**Information provided**
^^^^^^^^^^^^^^^^
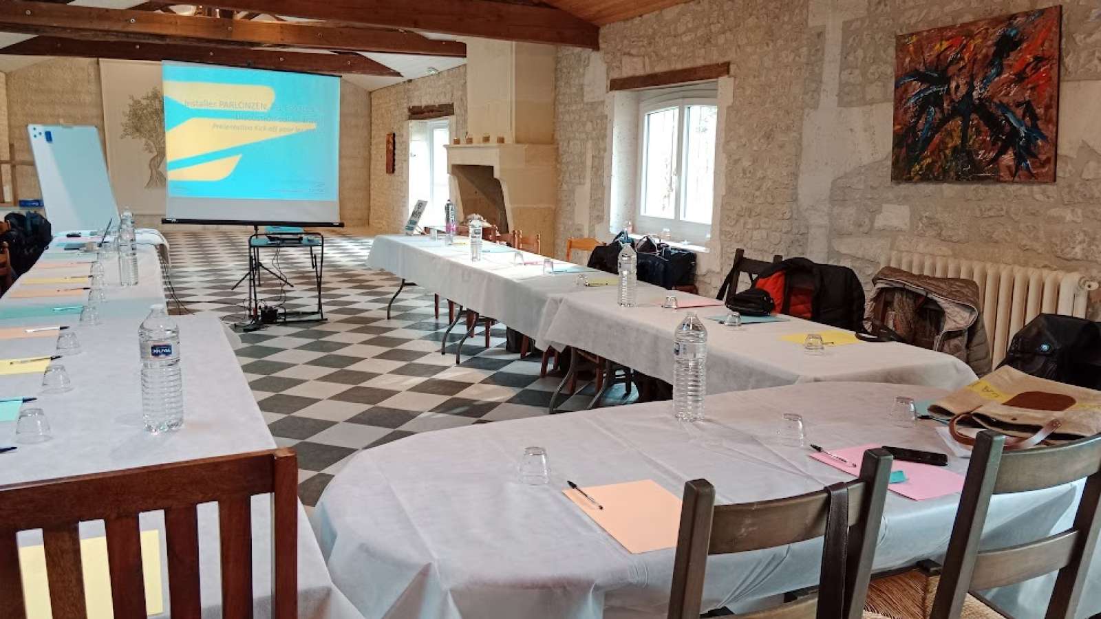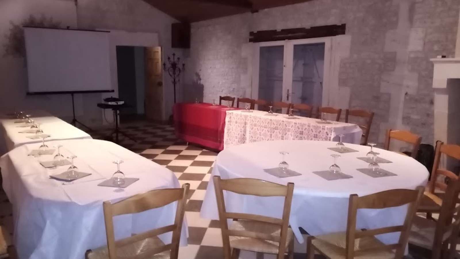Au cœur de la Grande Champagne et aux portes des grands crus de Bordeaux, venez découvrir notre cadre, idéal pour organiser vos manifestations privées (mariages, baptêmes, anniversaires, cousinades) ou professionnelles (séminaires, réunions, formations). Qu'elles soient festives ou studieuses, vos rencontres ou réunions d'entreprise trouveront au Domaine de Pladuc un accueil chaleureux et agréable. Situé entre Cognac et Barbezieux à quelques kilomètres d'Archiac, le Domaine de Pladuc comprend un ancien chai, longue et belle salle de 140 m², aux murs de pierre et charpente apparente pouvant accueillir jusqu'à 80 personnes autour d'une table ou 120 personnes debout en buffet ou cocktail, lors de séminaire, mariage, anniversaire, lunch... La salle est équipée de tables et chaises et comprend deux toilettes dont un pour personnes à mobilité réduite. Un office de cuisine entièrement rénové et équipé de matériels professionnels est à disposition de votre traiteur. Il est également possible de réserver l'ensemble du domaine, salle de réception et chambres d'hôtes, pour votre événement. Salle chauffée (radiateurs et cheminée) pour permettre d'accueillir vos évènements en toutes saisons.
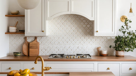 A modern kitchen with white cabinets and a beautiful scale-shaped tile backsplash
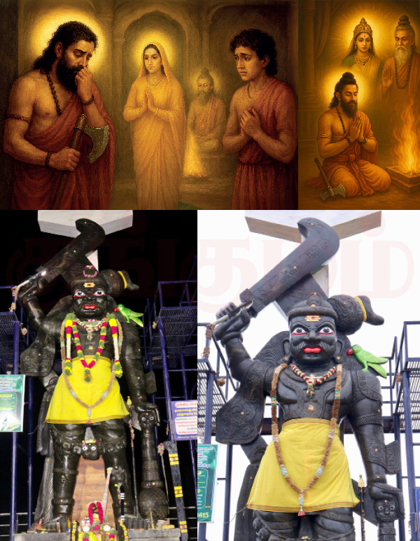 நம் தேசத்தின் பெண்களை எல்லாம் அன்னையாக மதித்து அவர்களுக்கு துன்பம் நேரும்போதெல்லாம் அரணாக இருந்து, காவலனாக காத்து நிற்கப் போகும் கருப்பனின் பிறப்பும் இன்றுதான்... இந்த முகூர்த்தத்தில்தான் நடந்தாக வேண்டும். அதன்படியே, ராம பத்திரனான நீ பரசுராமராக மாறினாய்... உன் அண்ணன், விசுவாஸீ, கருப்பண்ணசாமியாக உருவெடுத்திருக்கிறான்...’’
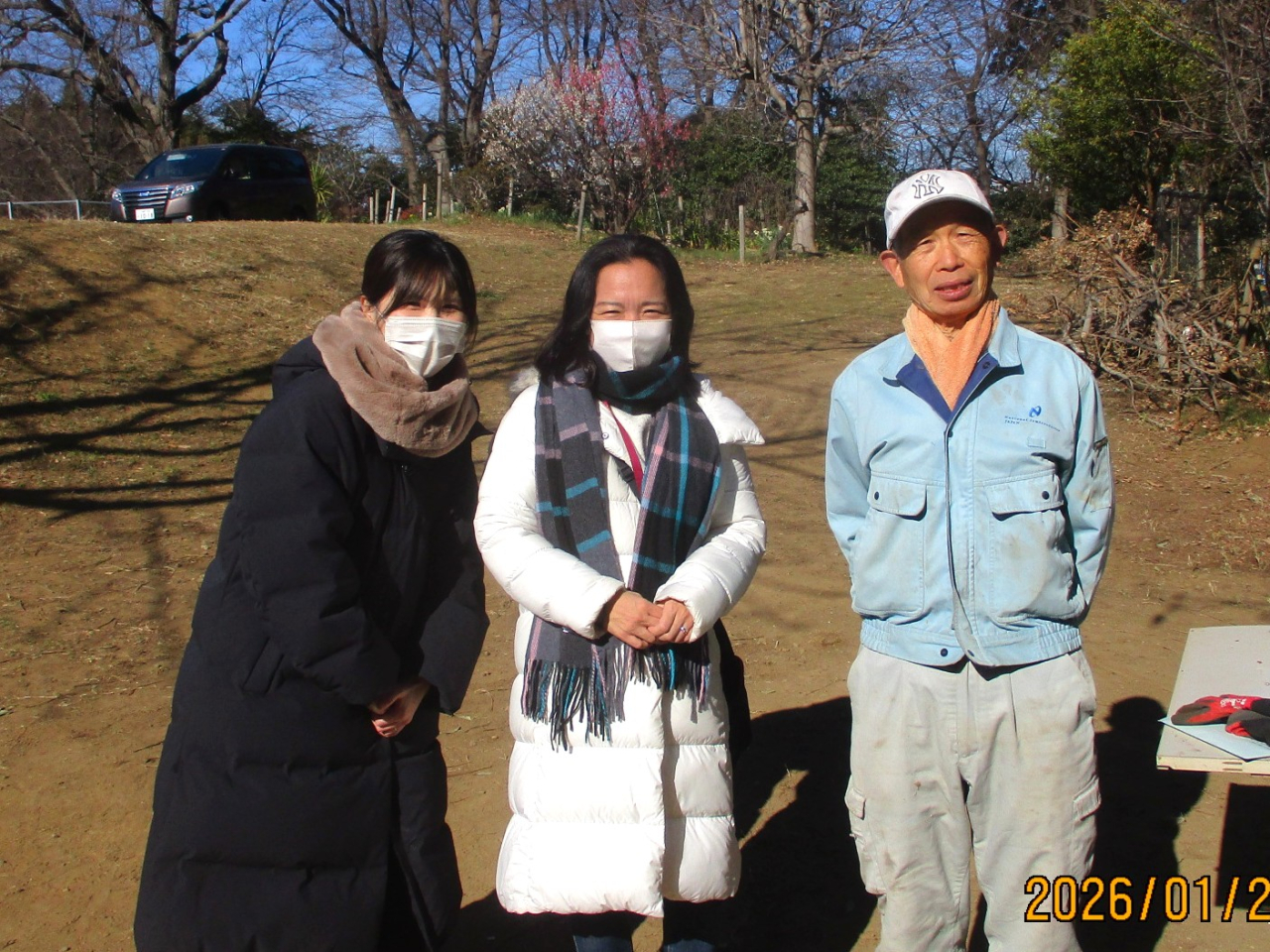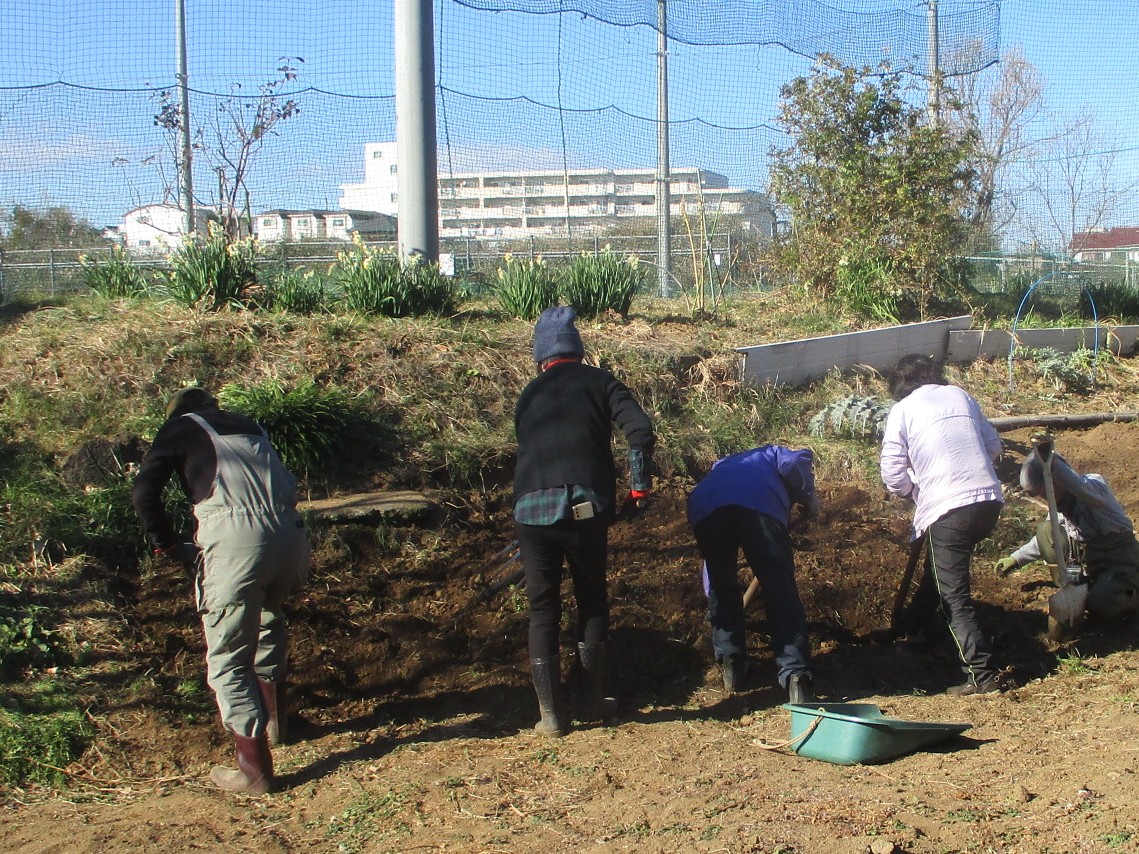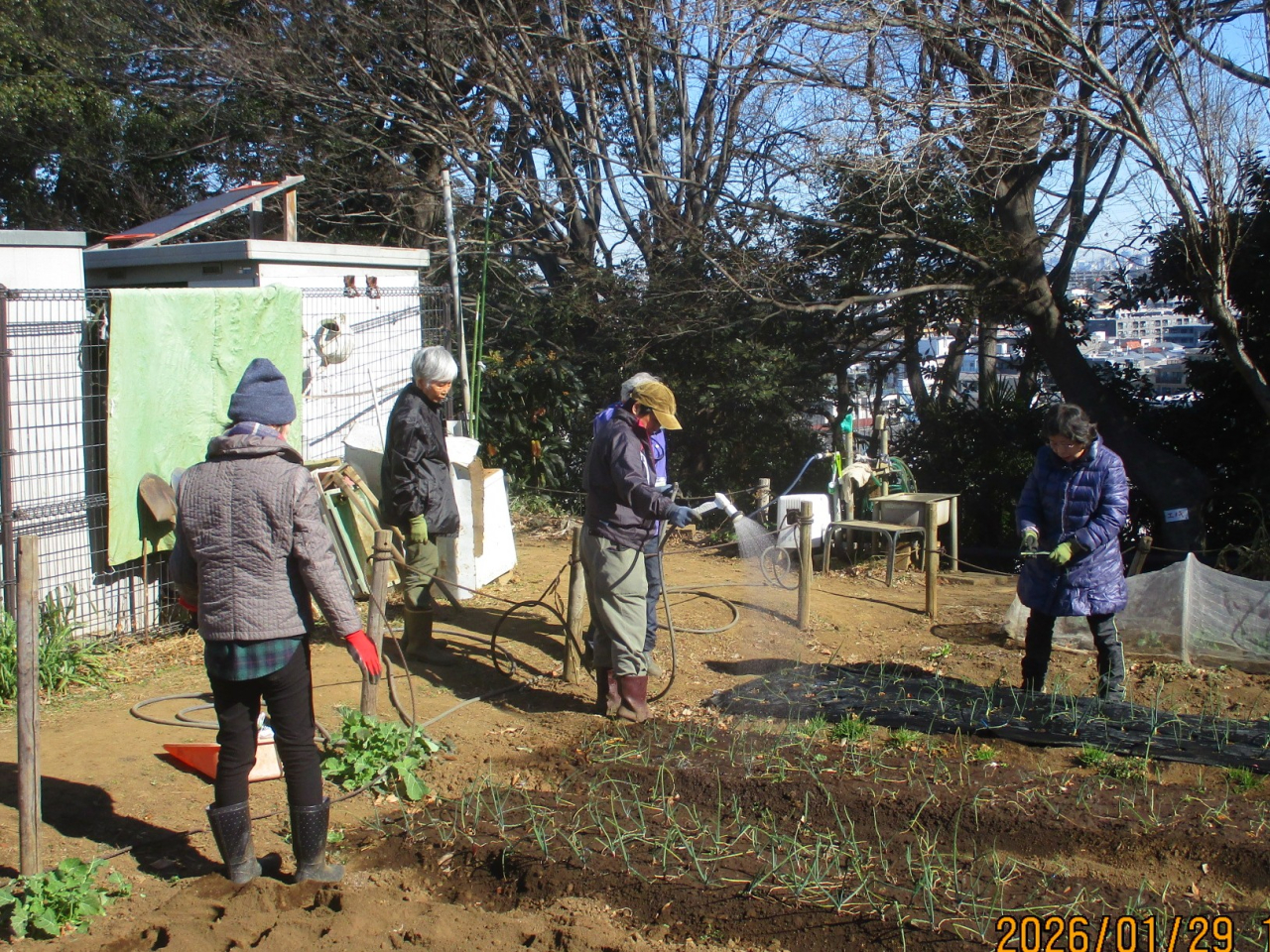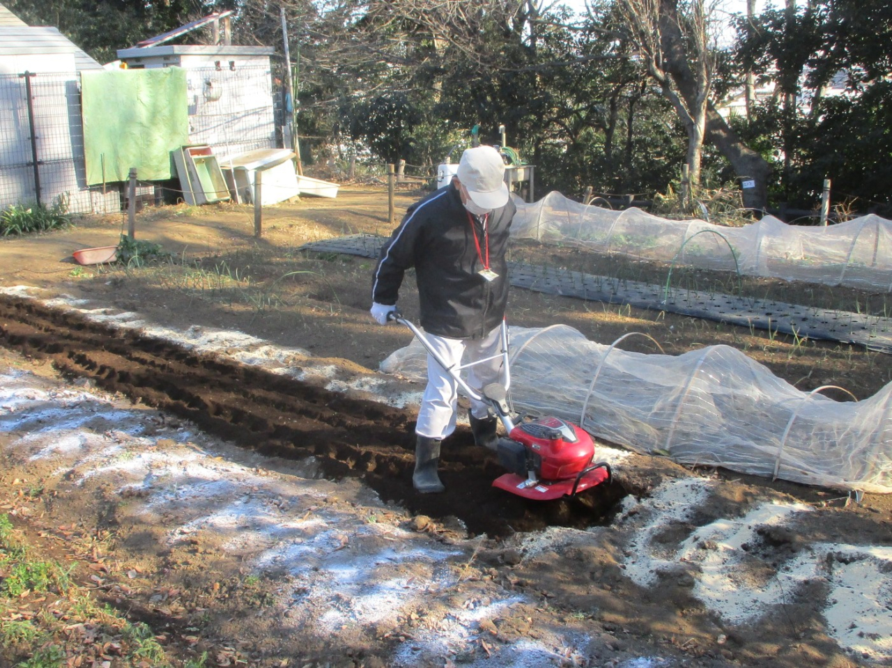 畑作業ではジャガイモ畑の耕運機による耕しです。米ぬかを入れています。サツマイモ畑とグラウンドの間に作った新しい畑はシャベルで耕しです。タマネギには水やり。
^^^^^^^^^^^^^^^^
**What the exercise asks**
Repeat the listing above up to and including the line with "A modern kitchen", starting from its first line. Drop any pictures.

**Answer space**
Au cœur de la Grande Champagne et aux portes des grands crus de Bordeaux, venez découvrir notre cadre, idéal pour organiser vos manifestations privées (mariages, baptêmes, anniversaires, cousinades) ou professionnelles (séminaires, réunions, formations). Qu'elles soient festives ou studieuses, vos rencontres ou réunions d'entreprise trouveront au Domaine de Pladuc un accueil chaleureux et agréable. Situé entre Cognac et Barbezieux à quelques kilomètres d'Archiac, le Domaine de Pladuc comprend un ancien chai, longue et belle salle de 140 m², aux murs de pierre et charpente apparente pouvant accueillir jusqu'à 80 personnes autour d'une table ou 120 personnes debout en buffet ou cocktail, lors de séminaire, mariage, anniversaire, lunch... La salle est équipée de tables et chaises et comprend deux toilettes dont un pour personnes à mobilité réduite. Un office de cuisine entièrement rénové et équipé de matériels professionnels est à disposition de votre traiteur. Il est également possible de réserver l'ensemble du domaine, salle de réception et chambres d'hôtes, pour votre événement. Salle chauffée (radiateurs et cheminée) pour permettre d'accueillir vos évènements en toutes saisons.
 A modern kitchen with white cabinets and a beautiful scale-shaped tile backsplash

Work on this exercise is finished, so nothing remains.